So I just ate donuts today. It’s not like I’m not trying, coaches. I’m very successful at other things in life. Not as successful as I could be, as obviously something is awry with my prefrontal cortex.
I feel like I have an addiction. Not in a pathologizing way, but I have absolutely no idea why I can’t make a meal plan and stick to it.
I feel like there is a war going on inside me, where one part really really really wants to make the plan and stick to it and another part just is like, “this is unsustainable, you don’t need to do this, stop forcing yourself to follow a plan, just be normal, you’re not even overweight, don’t waste the rest of your life dieting”.

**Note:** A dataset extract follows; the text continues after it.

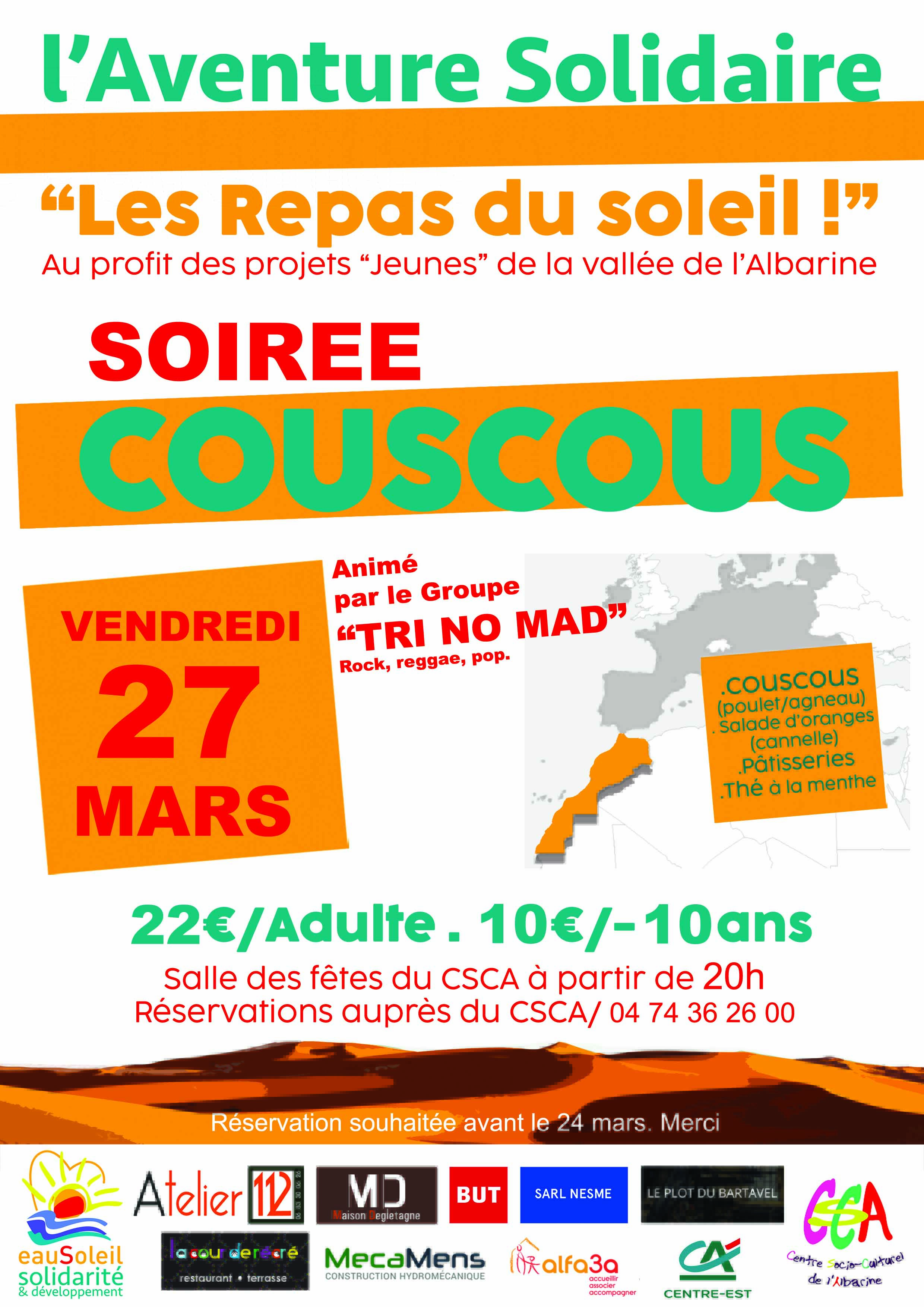 Repas du soleil le vendredi 27 mars à la salle des fêtes du CSCA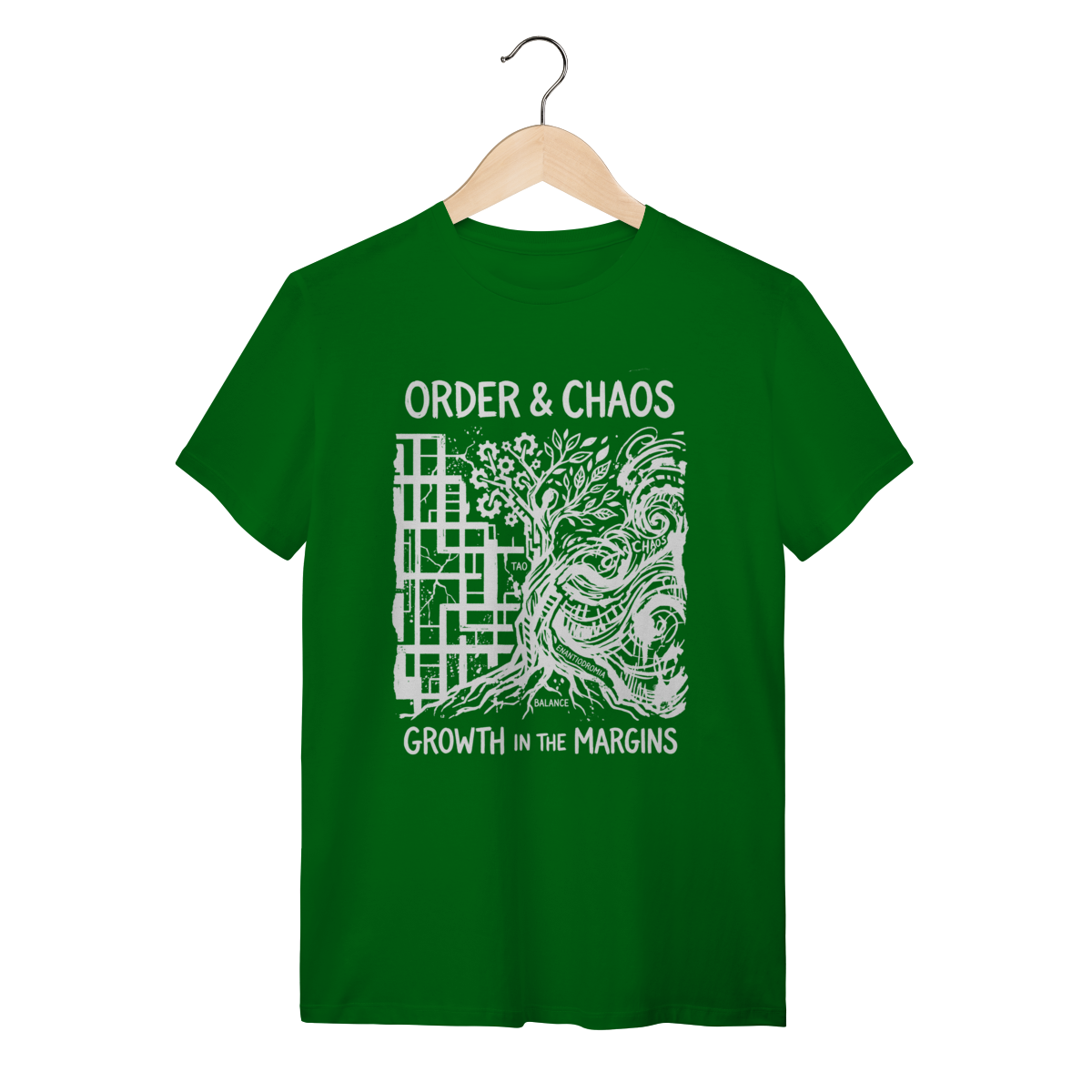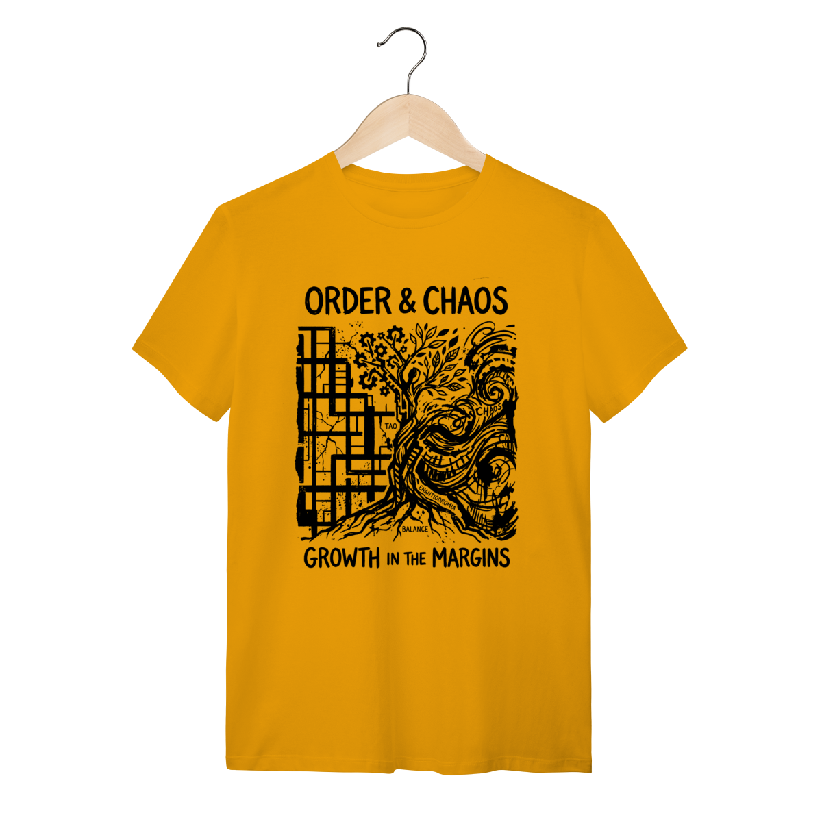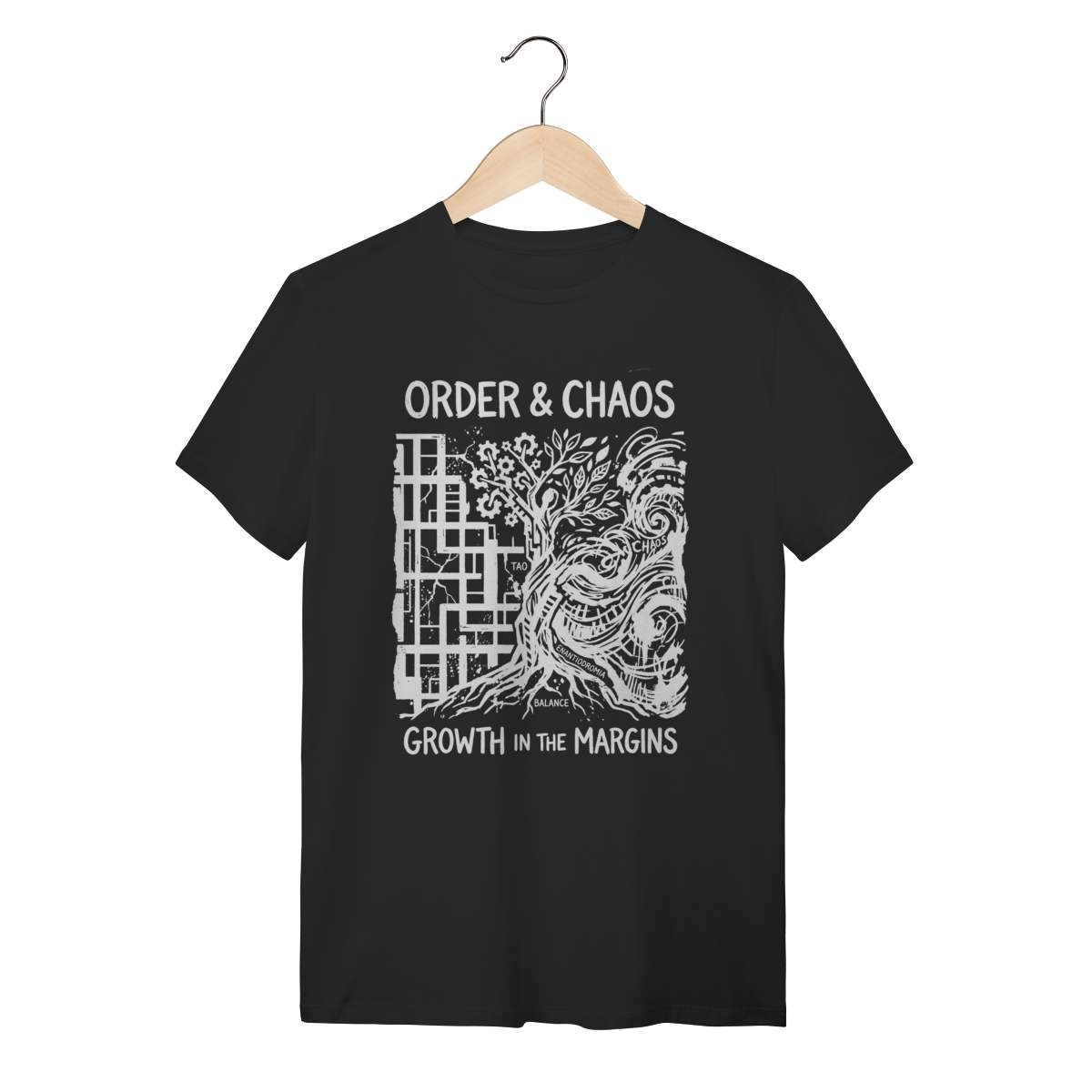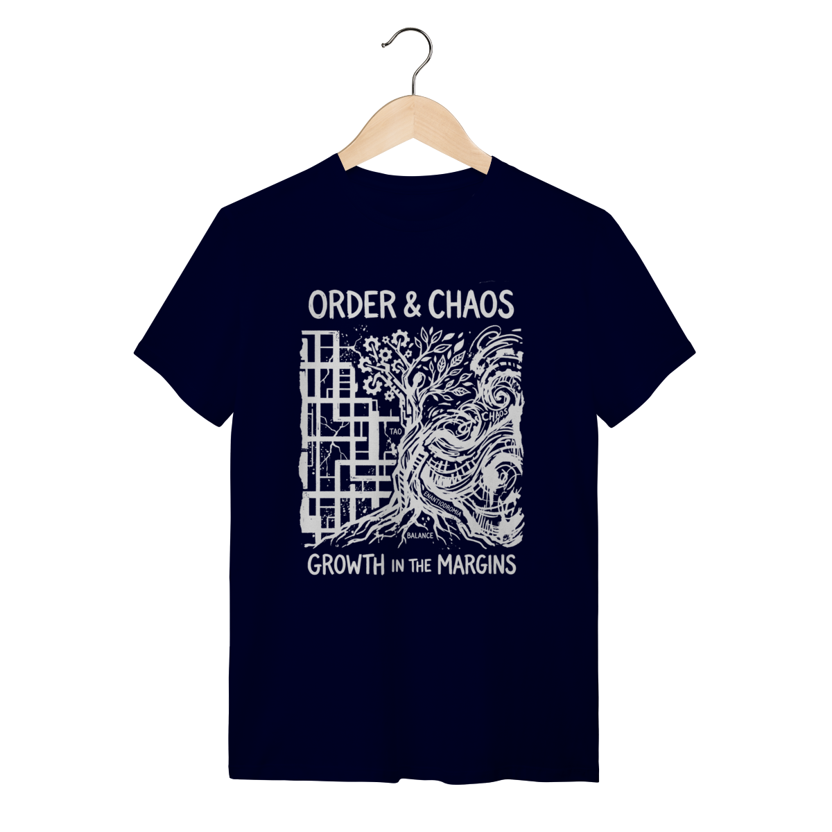 A arte apresenta uma divisão magistral: à esquerda, a "Ordem" é representada por grades geométricas, linhas retas e engrenagens industriais, simbolizando a lógica e a estrutura. À direita, o "Caos" explode em formas orgânicas, espirais de vento e folhas naturais, evocando a criatividade e o imprevisível. No centro, uma árvore conecta os dois mundos, com raízes profundas ancoradas no "Equilíbrio" (Balance), ilustrando perfeitamente a frase "Growth in the Margins" (Crescimento nas Margens).

But I can tell you for sure that none of it is based on self love or acceptance. It’s just not. I just DON’T love and accept myself, and I’m trying to change myself as a result. I feel awful, shameful, guilty, defective, and then another part of me just wants to eat because I can’t handle how I feel.
I feel like I’m trying to “force” myself to follow a food plan. Is that how this is supposed to be? I’m trying to think of ways I could lose weight while also loving myself but I guess losing weight, to me, feels like punishment. It doesn’t feel like self love.
I want to weigh 118lbs because I want to be hot, cute and be able to wear whatever I want. Maybe at 118lbs I’ll like my thighs. Or my body. I think it’s “okay” but I’m still not loving myself. I still judge my self worth based on the scale.
Truth be told, I felt better when I didn’t weigh myself daily. I’ve given the scale so much power to control how I feel and now I feel like I’m stuck in a loop.
Is it possible that this method that Brooke describes just won’t work for me? Yeah I’m pathologizing it. I feel like I just can’t stick to a plan and even when I do I fall off. And then I beat myself up because I can’t do it.
I don’t know how to break the cycle, and I don’t know how honestly this is any different than a diet.
I’m so upset because I want so badly to believe in what Brooke teaches, but I feel like this just isn’t working for me. But I want it to so bad.
Maybe that’s what’s at the crux of this really, is just my lack of self love. I don’t know and I feel so defeated and I’m so exhausted and am feeling like I want to give up, which terrifies me.